Task instructions — The reply needs the lines from the one containing "The Lelani Set" through the end of the material, each repeated exactly, and no pictures.

Dataset section —
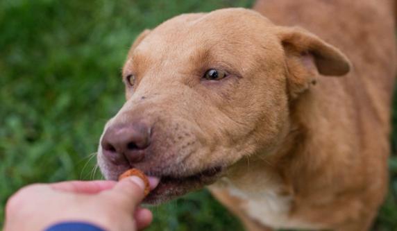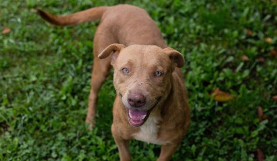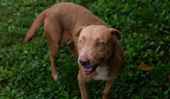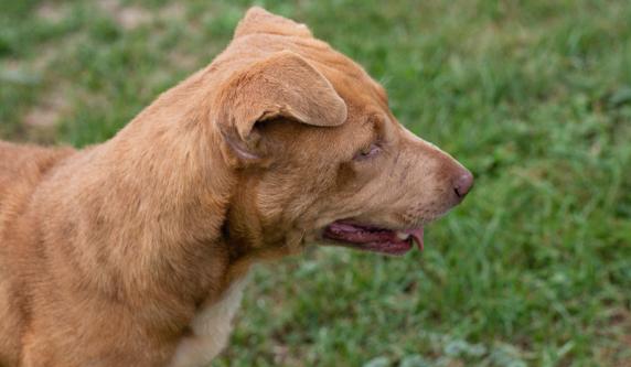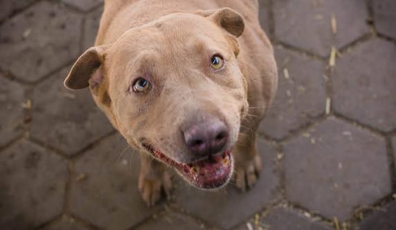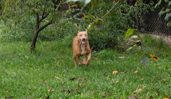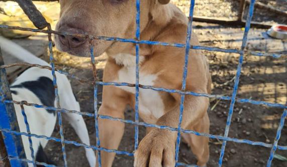 ROSE 122970 female, 20.3.2020., in the shelter since 1.9.2021., from Roma village, very nice, dear, happy girl. She likes atention and is very happy when you come to her cage. She has bad front teeth. She limps a bit on her front leg because of old injury. She lives with our special boy Hotspot, sometimes they play together, sometimes they fight. She is pretty in stress in the shelter. . She goes for regular walks. cca 50cm, some kind of AST mix
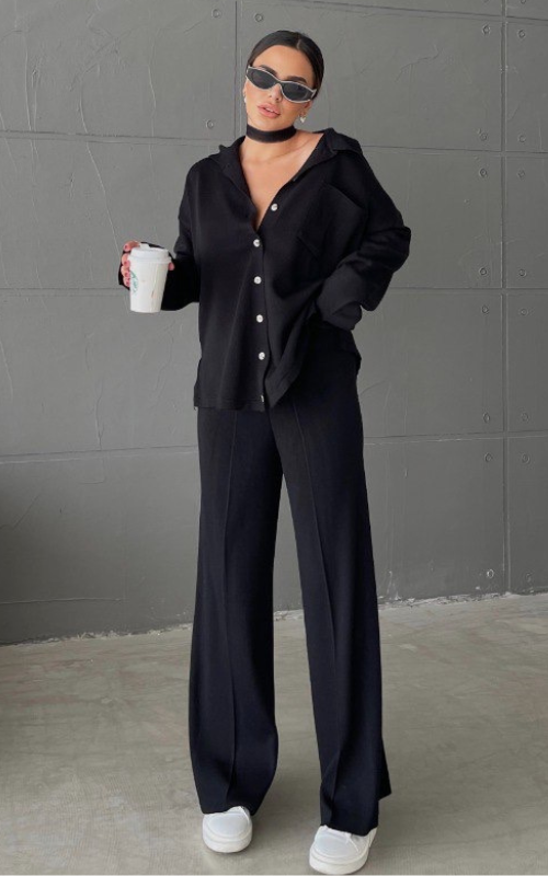 The Lelani Set features a light knit pant set paired with an oversized button-up shirt, offering a relaxed yet stylish look. Perfect for casual outings or lounging, this comfortable ensemble combines effortless elegance with versatile wearability.
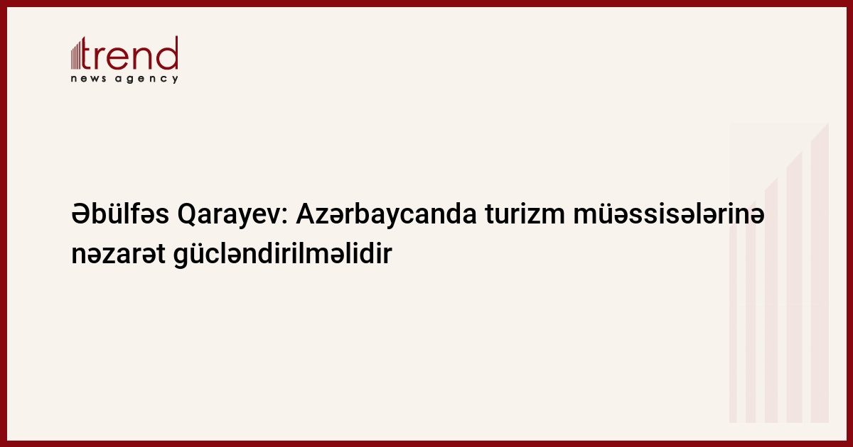 Azərbaycanda turizm müəssisələrinin öz işlərinə daha məsuliyyətli yanaşması tələb edilməli və nəzarət gücləndirilməlidir. Trend-in məlumatına görə, bu barədə mədəniyyət və turizm naziri Əbülfəs Qarayev rəhbərlik etdiyi qurumda keçirilən kollegiya iclasında bildirib.

Response to this exercise —
 The Lelani Set features a light knit pant set paired with an oversized button-up shirt, offering a relaxed yet stylish look. Perfect for casual outings or lounging, this comfortable ensemble combines effortless elegance with versatile wearability.
 Azərbaycanda turizm müəssisələrinin öz işlərinə daha məsuliyyətli yanaşması tələb edilməli və nəzarət gücləndirilməlidir. Trend-in məlumatına görə, bu barədə mədəniyyət və turizm naziri Əbülfəs Qarayev rəhbərlik etdiyi qurumda keçirilən kollegiya iclasında bildirib.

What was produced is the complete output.